When my daughter was 10 years old, I wanted another child, but I could not get pregnant.  I kept going to my ob/gyn and she kept telling me that I couldn't get pregnant because of my weight and that my weight screwed up my hormones, meanwhile I had a friend who was about 300 pounds and on her fifth child. 

She told me that because of my weight, I wasn't ovulating.  Meanwhile, my cycle was normal.  I refused to believe her, because I never had that kind of problem before and I know my body.  Nobody in my family ever had anything like this.  I was devastated over this.  I would cry and pray to god every day.  I couldn't understand why this was happening to me and I was already 34 years old, my time was running out.  Finally, after 15 months, I did get pregnant but I was throwing up for six months and was hospitalized for a month because of a rip in my sack and my son was born one month early.  Healthy, thank god.  

It was not until about 2 years ago that I started having more serious symptoms like feeling weak and feeling like I would pass out, especially after eating, but that might also be my hiateal hernia, which in turn is tied to all of this. 

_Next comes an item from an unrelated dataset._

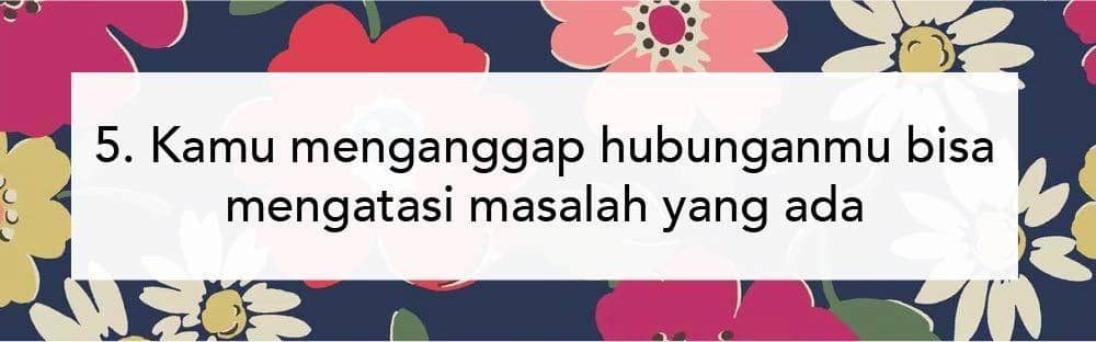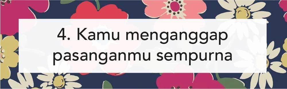 Merasa cukup dengan pasangan adalah hal yang baik. Tapi kalau menganggap pasangan kamu sempurna dan selalu memuja dia, kamu malah akan meninggikan ekspektasimu terhadap pasangan. Kalau ternyata pasangan kamu melakukan hal yang ternyata nggak sesuai ekspektasimu, kamu akan malah merasa sangat kecewa.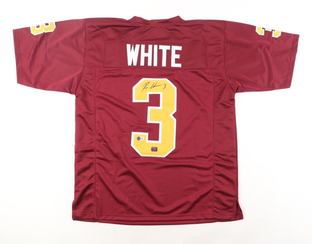 Custom on-field style jersey. Everything sewn on, size XL. Hand-signed by Rachaad White.The autograph includes an official Beckett Authentication Services serially numbered hologram and QR Code Card for authenticity purposes. The signing of this item was witnessed by Beckett.Authentication: Beckett Hologram with QR Code Card

Also, the pain and tightness in my chest.  I started to get anxiety attacks each time this happened and so I started to think I was going mental.  I knew I was different from other people, but I didn't know what the hell was wrong with me. 

People I knew at work started to think I was crazy and were telling me to get therapy, because I would get these weird symptoms and the doctors couldn't find anything wrong with me.  I started to think I had a chemical imbalance. I thought that eventually, I was just going to die and nobody would know what I died from. 

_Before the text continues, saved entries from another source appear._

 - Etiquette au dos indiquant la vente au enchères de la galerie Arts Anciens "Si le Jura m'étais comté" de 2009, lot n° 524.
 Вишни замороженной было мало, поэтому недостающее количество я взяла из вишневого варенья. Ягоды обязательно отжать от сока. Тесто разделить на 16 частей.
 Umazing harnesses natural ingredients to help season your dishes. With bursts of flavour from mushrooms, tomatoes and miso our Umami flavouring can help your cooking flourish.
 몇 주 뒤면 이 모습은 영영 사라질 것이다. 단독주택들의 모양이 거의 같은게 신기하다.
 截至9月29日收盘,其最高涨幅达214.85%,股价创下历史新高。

Still, I never put two and two together. 

I forgot to mention that I also get heart palpitations, but the doctors said that could be from my thyroid (the disease I have that doesn't really exist), so you can imagine how confused I was. I am so happy I found out about your site.  My sister actually found it for me.  I called her up when I found out what I had and she did some research on the internet for me.  She was a biology major in college and whenever I have someting difficult to tackle, I call her. 

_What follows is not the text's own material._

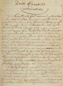d’Auriac, plus de 500 ff. in-4, à l’encre sur papier, relié à l’époque en un vol. demi-basane usagée. Œuvre inédite du dernier représentant de la célèbre dynastie de juristes toulousains, très représentative de l’effort d’adaptation des anciennes loix aux injonctions du nouveau code civil promulgué en 1804. Ce même J. B. Furgole avait publié en 1810 à Paris « le Nouveau Furgole ou traité des testaments… mis en rapport avec les principes du Code Napoléon ». Le présent cours, réparti sur quatre années d’enseignement, est resté pour sa plus grande part inédit.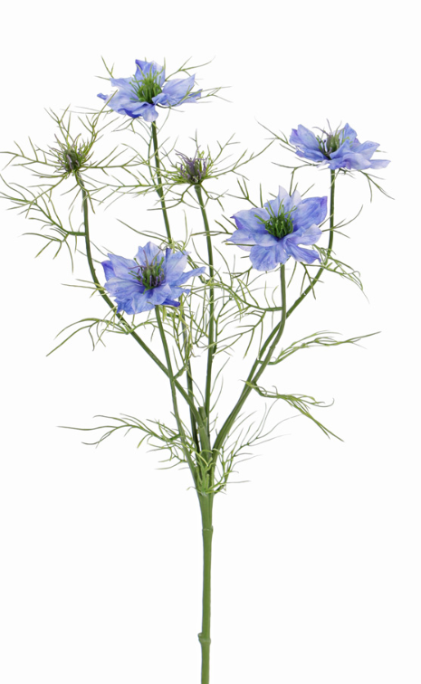 Deze zijden nigella brengt een luchtige, verfijnde uitstraling in elk boeket met haar fijne, speelse bloei en natuurlijke vorm.

Do you know what she told me?  She said that she read on your site that children who have arachnoid cysts usually have temper tantrums and I took the cake when it came to tantrums.  My mother said I gave her an ulcer. 

So yes, I do believe that if this is what I have, I was born with it.  The blow I suffered to my head probably aggravated it and made it larger which could explain my list of new symptoms.    

I hope to hear from you this weekend.  If not, I will try to call you.